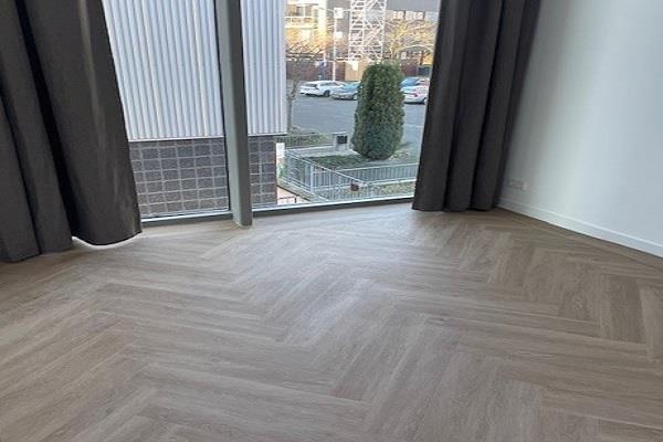 Zeer ruime woonkamer met uiterst duurzame PVC vloer, gelegd in visgraat motief en luxe raamafwerking. Deze woning is met hoogwaardige materialen afgewerkt.
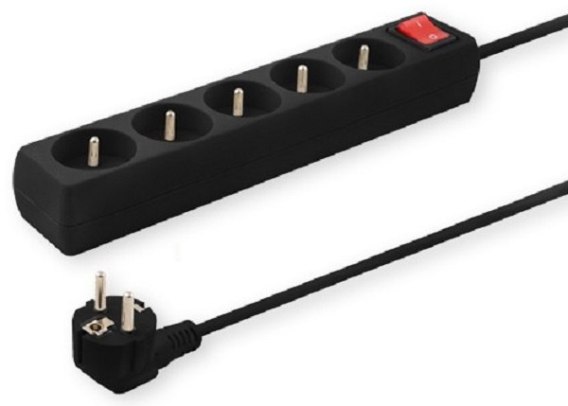 Listwa zasilająca wyposażona w 5 gniazd typu E. Posiada przewód o długości 3 m.
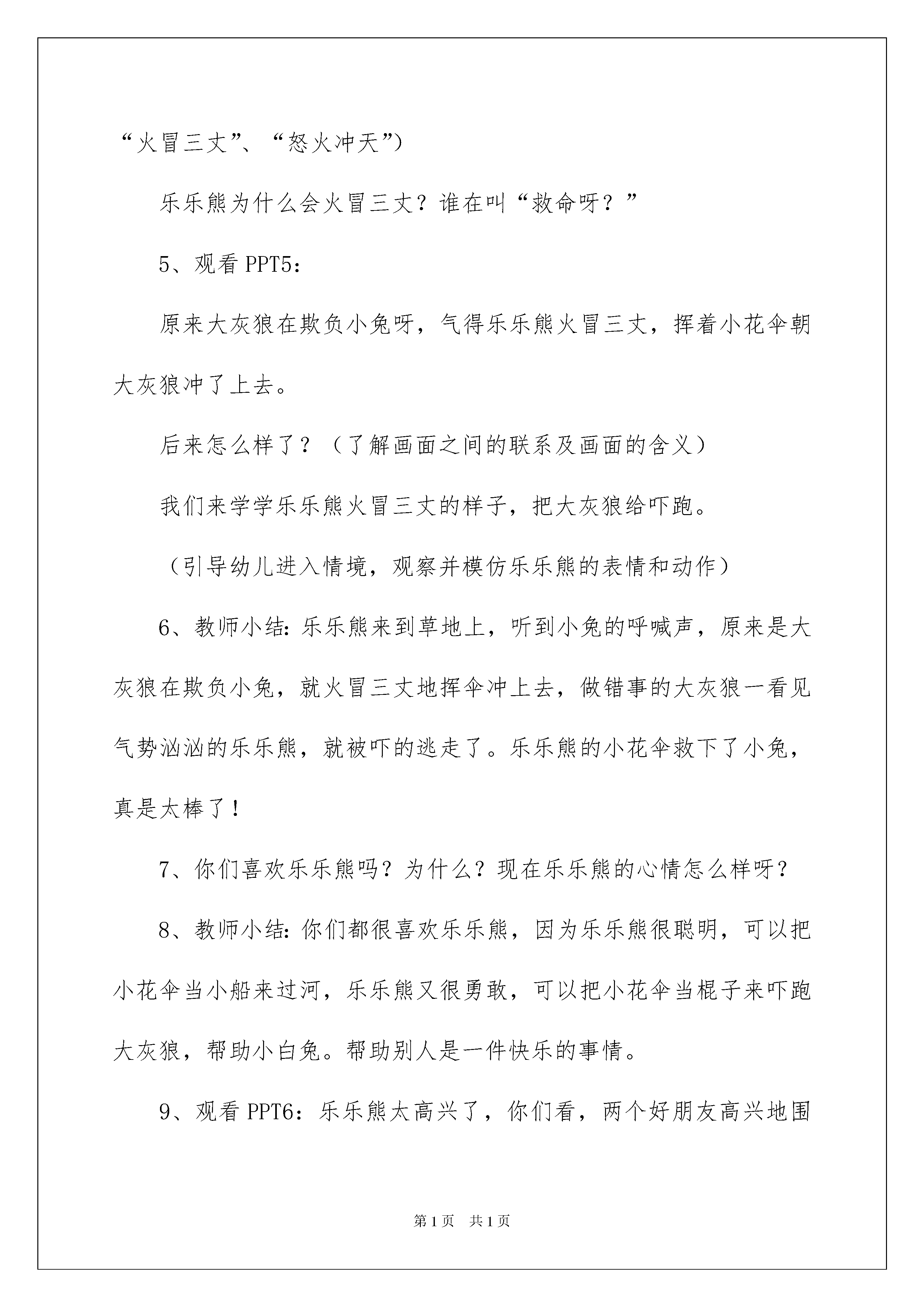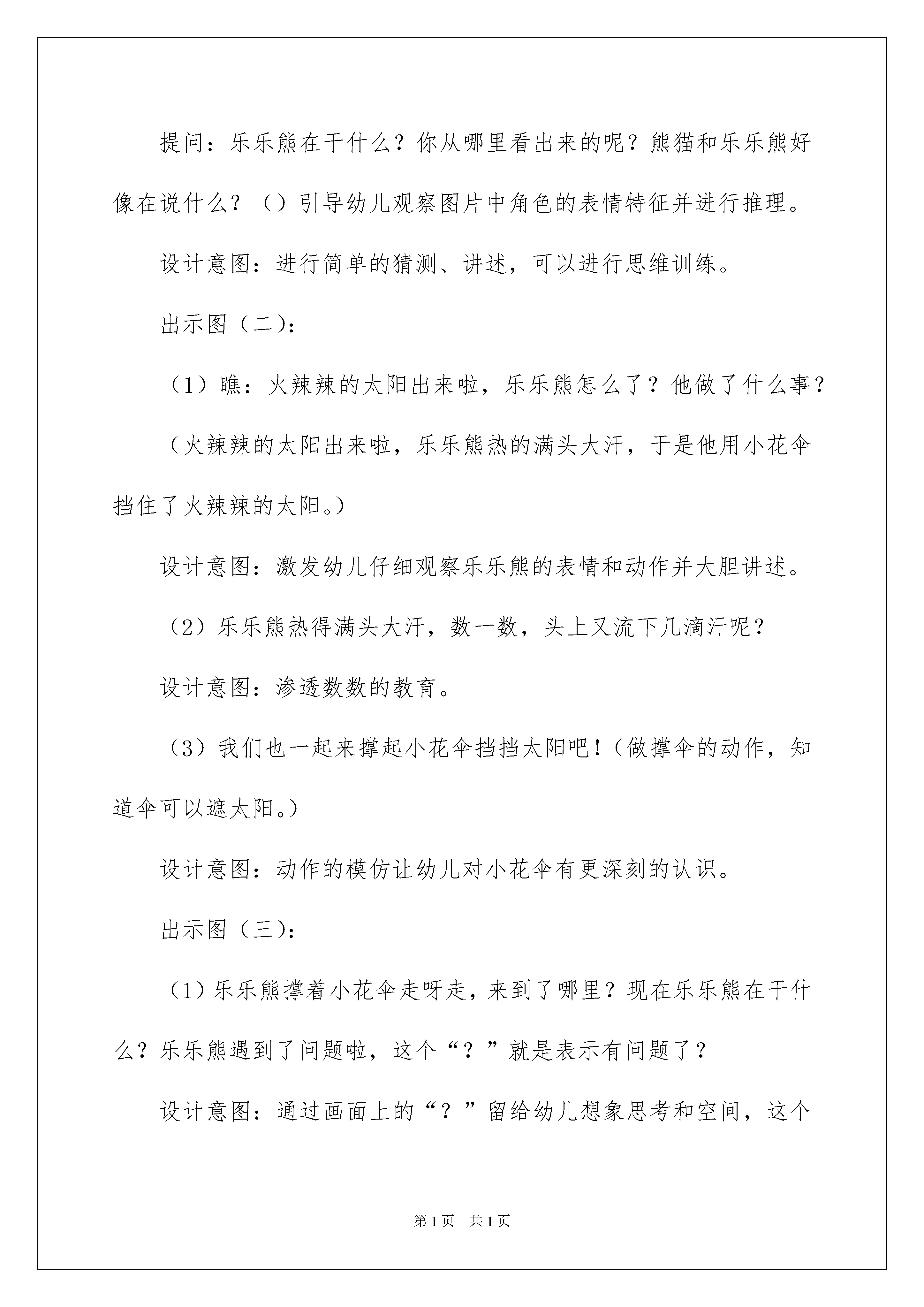 小班语言《乐乐熊》教案作为一位不辞辛劳的人民教师,通常需要用到教案来辅助教学,借助教案可以提高教学质量,收到预期的教学效果。我们该怎么去写教案呢?下面是小编精心整理的小班语言《乐乐熊》教案,希望对大家有所帮助。小班语言《乐乐熊》教案1设计思路:小班孩子自我中心、依赖性较强,遇到一点问题就会哭。绘本中的乐乐熊具有一定的教育价值,它聪明、可爱、勇敢,爱于助人,是孩子们学习的一个典范。这个绘本中的故事生动有趣,人物形象逼真,情节跌宕起伏,能激起小班孩子的阅读兴趣。小班班孩子在日常生活中喜欢听故事,喜欢模仿故事中

◆ **ABOUT THIS EXERCISE**:
Beginning with the line that contains "Listwa zasilająca wyposażona" and ending with the last line of the data above, output those lines exactly and nothing more, without any pictures.

◆ **REPLY TO THE EXERCISE**:
 Listwa zasilająca wyposażona w 5 gniazd typu E. Posiada przewód o długości 3 m.
 小班语言《乐乐熊》教案作为一位不辞辛劳的人民教师,通常需要用到教案来辅助教学,借助教案可以提高教学质量,收到预期的教学效果。我们该怎么去写教案呢?下面是小编精心整理的小班语言《乐乐熊》教案,希望对大家有所帮助。小班语言《乐乐熊》教案1设计思路:小班孩子自我中心、依赖性较强,遇到一点问题就会哭。绘本中的乐乐熊具有一定的教育价值,它聪明、可爱、勇敢,爱于助人,是孩子们学习的一个典范。这个绘本中的故事生动有趣,人物形象逼真,情节跌宕起伏,能激起小班孩子的阅读兴趣。小班班孩子在日常生活中喜欢听故事,喜欢模仿故事中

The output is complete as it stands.